From the line that holds "봄과 여름 여성용 하프" down to the last line of the listing below, transcribe exactly and only those lines. Leave pictures out.

# GIVEN INFORMATION
┌────────
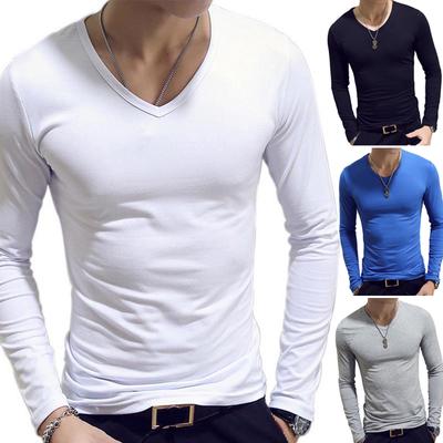 Langärmeliges Slim-Fit Herren-T-Shirt Schrumpffest Einfarbig V-Ausschnitt Unterhemd Pullover-Top
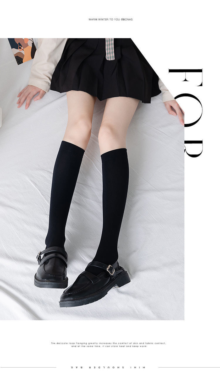 봄과 여름 여성용 하프 마이크로 압력 자외선 차단제 무릎 위 스타킹 JK 블랙 양말 벨벳 송아지 양말
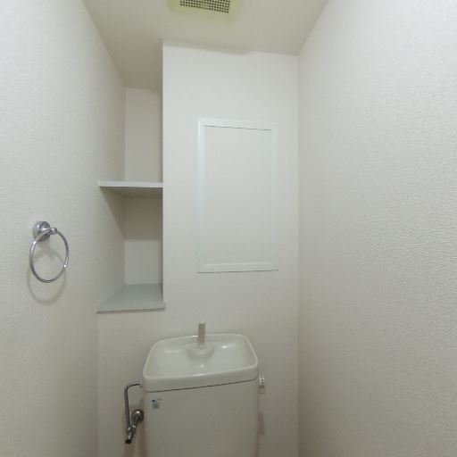 トイレ内に収納棚がある(確度95%):便器上部の壁面にオープン棚が設けられており、トイレットペーパーや掃除用品の置き場として使えそう。
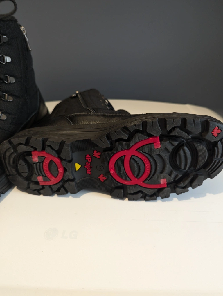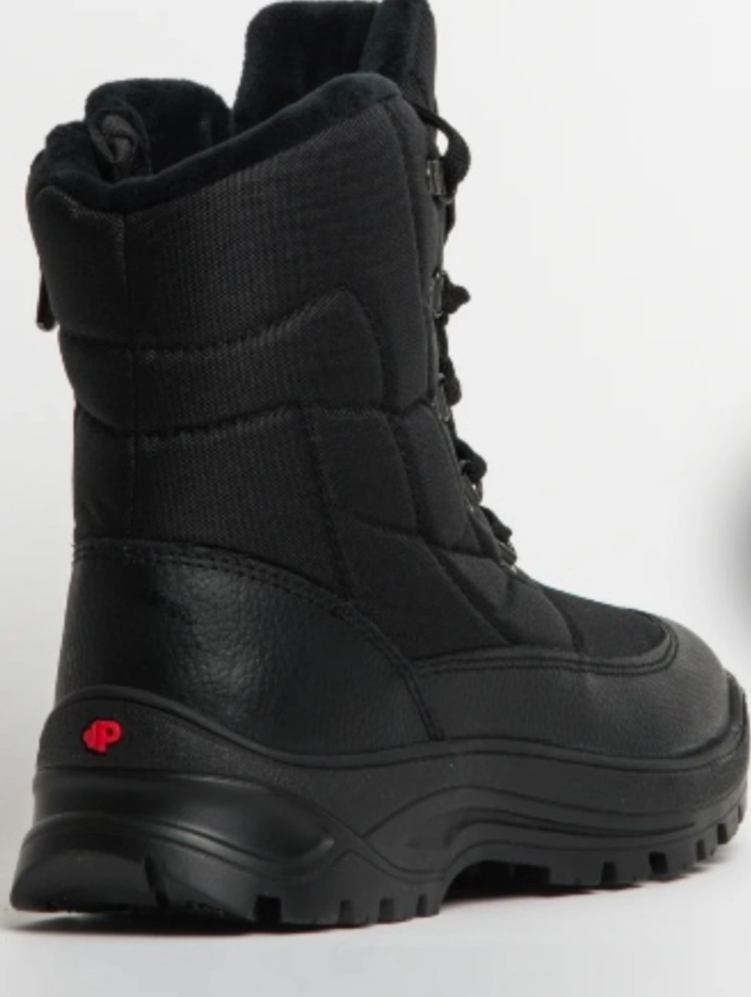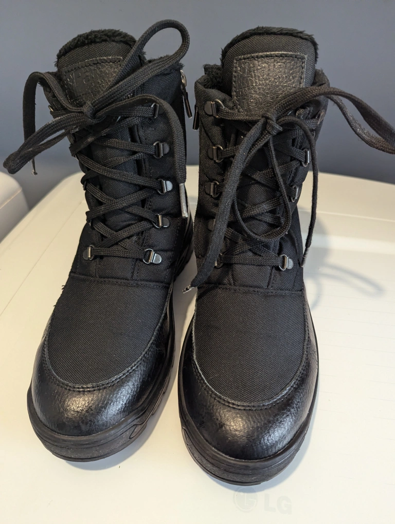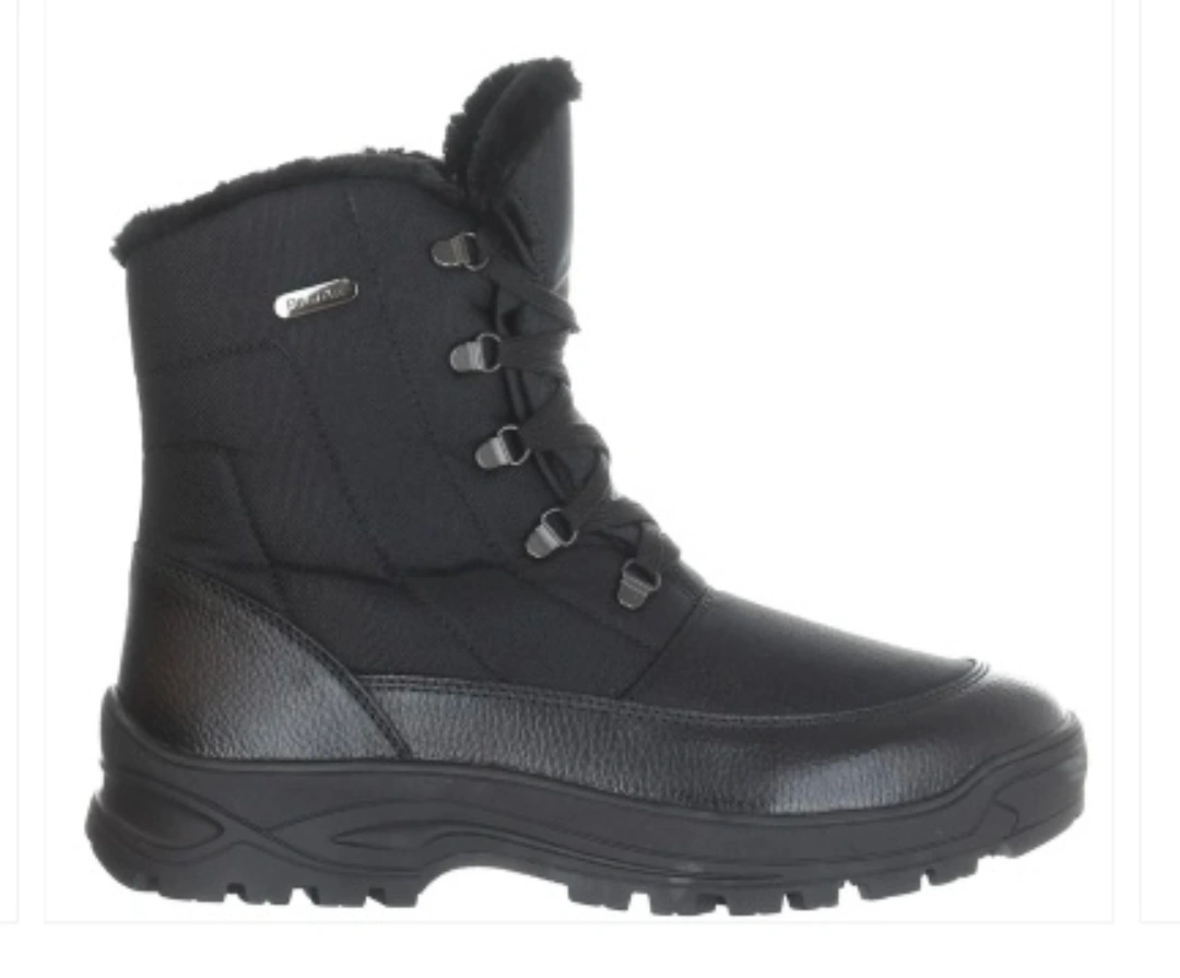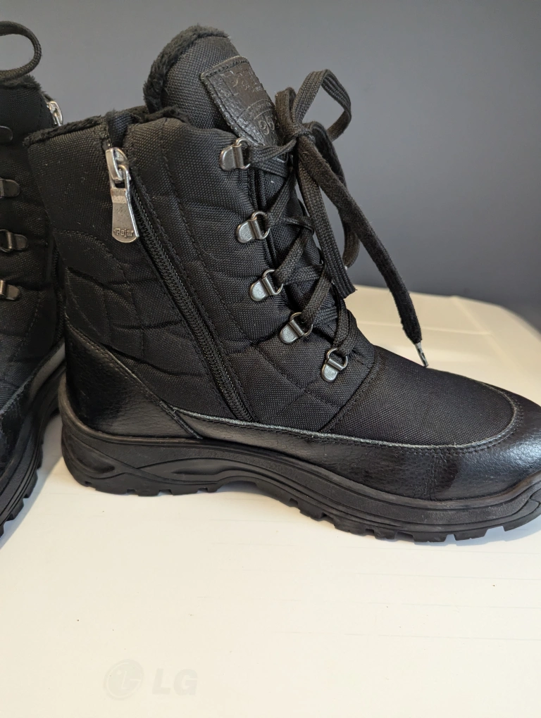 Black winter boots with a lace-up closure and side zipper. Fur lining.
└────────
# RESULT OF THIS EXERCISE
 봄과 여름 여성용 하프 마이크로 압력 자외선 차단제 무릎 위 스타킹 JK 블랙 양말 벨벳 송아지 양말
 トイレ内に収納棚がある(確度95%):便器上部の壁面にオープン棚が設けられており、トイレットペーパーや掃除用品の置き場として使えそう。
 Black winter boots with a lace-up closure and side zipper. Fur lining.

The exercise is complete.